[EXERCISE OBJECTIVE]: An exact copy of all the data is required, with pictures left out.

[SUPPLIED INFORMATION]:
____
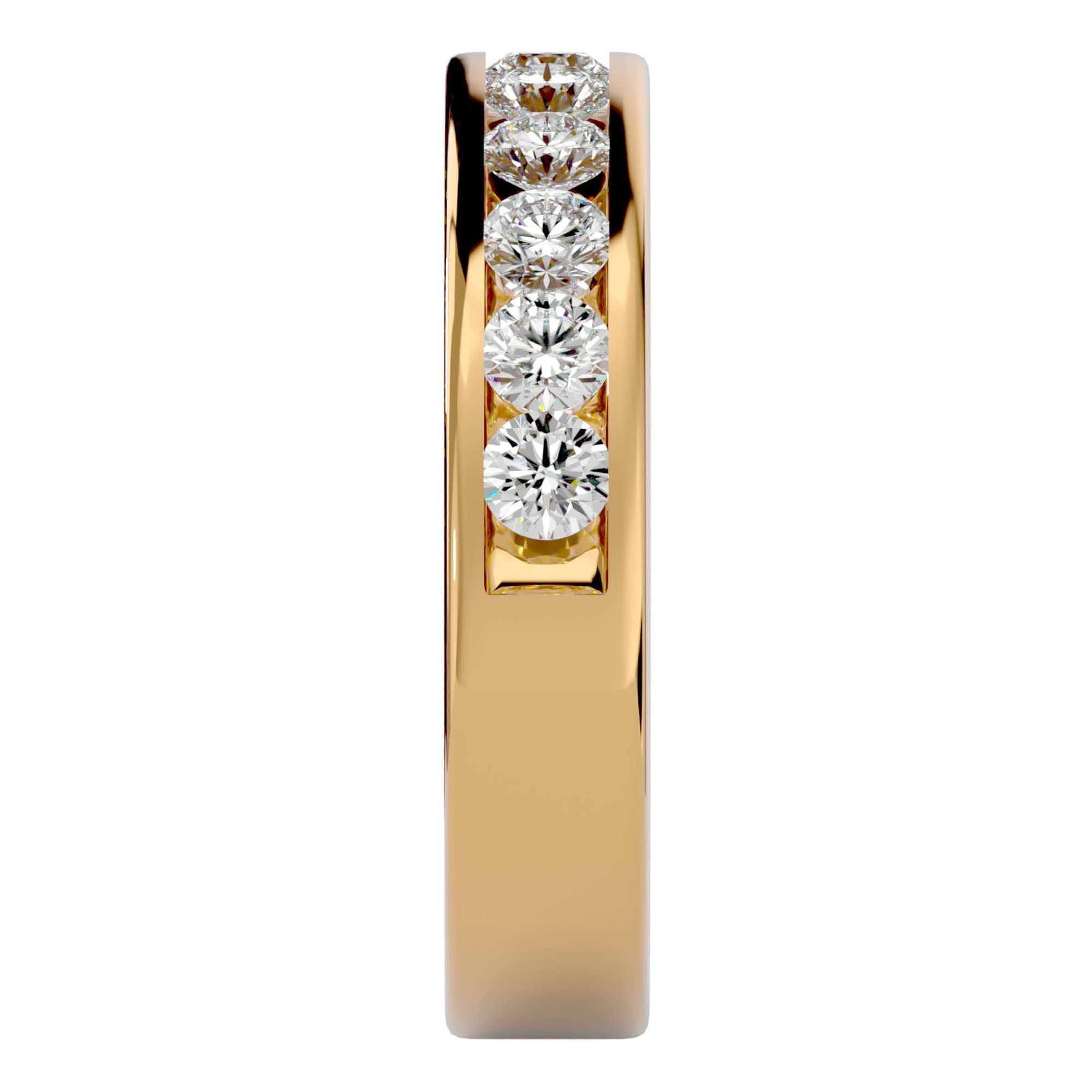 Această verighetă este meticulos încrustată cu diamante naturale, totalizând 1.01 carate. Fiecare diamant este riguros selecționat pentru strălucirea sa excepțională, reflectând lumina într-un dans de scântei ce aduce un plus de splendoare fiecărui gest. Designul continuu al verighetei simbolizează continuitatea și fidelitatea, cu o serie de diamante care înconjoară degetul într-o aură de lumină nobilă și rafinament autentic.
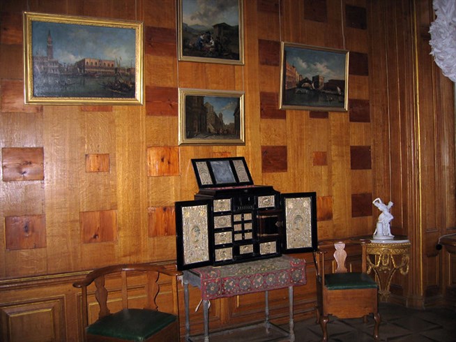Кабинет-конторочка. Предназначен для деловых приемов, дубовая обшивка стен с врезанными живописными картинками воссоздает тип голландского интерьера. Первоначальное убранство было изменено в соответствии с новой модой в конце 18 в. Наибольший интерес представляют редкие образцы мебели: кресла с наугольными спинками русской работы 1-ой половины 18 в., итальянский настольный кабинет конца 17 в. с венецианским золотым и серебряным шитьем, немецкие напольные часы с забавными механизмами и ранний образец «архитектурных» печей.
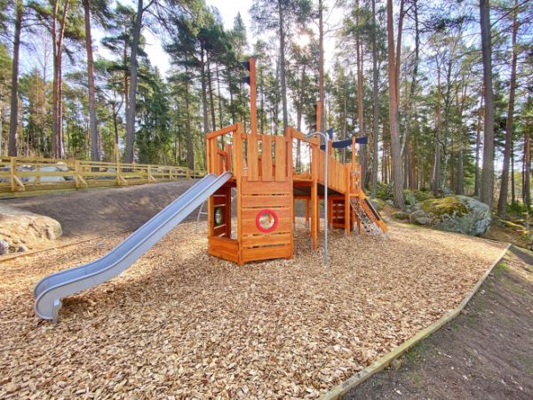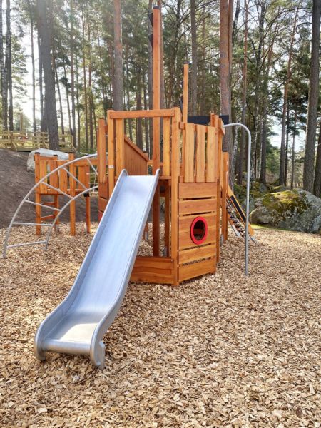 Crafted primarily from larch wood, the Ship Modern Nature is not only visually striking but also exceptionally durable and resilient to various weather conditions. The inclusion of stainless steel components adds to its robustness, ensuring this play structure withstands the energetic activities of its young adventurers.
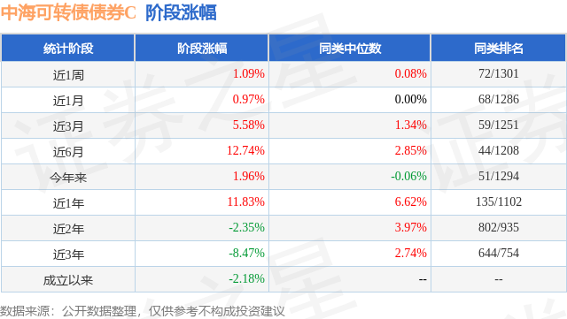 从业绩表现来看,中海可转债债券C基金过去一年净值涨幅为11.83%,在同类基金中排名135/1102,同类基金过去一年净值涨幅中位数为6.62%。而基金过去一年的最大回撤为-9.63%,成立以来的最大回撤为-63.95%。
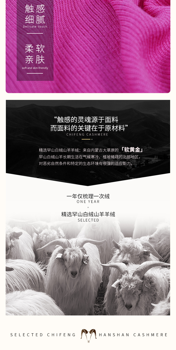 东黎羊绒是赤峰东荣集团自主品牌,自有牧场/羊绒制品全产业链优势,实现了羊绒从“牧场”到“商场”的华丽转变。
____
[RESPONSE TO THIS EXERCISE]:
 Această verighetă este meticulos încrustată cu diamante naturale, totalizând 1.01 carate. Fiecare diamant este riguros selecționat pentru strălucirea sa excepțională, reflectând lumina într-un dans de scântei ce aduce un plus de splendoare fiecărui gest. Designul continuu al verighetei simbolizează continuitatea și fidelitatea, cu o serie de diamante care înconjoară degetul într-o aură de lumină nobilă și rafinament autentic.
Кабинет-конторочка. Предназначен для деловых приемов, дубовая обшивка стен с врезанными живописными картинками воссоздает тип голландского интерьера. Первоначальное убранство было изменено в соответствии с новой модой в конце 18 в. Наибольший интерес представляют редкие образцы мебели: кресла с наугольными спинками русской работы 1-ой половины 18 в., итальянский настольный кабинет конца 17 в. с венецианским золотым и серебряным шитьем, немецкие напольные часы с забавными механизмами и ранний образец «архитектурных» печей.
 Crafted primarily from larch wood, the Ship Modern Nature is not only visually striking but also exceptionally durable and resilient to various weather conditions. The inclusion of stainless steel components adds to its robustness, ensuring this play structure withstands the energetic activities of its young adventurers.
 从业绩表现来看,中海可转债债券C基金过去一年净值涨幅为11.83%,在同类基金中排名135/1102,同类基金过去一年净值涨幅中位数为6.62%。而基金过去一年的最大回撤为-9.63%,成立以来的最大回撤为-63.95%。
 东黎羊绒是赤峰东荣集团自主品牌,自有牧场/羊绒制品全产业链优势,实现了羊绒从“牧场”到“商场”的华丽转变。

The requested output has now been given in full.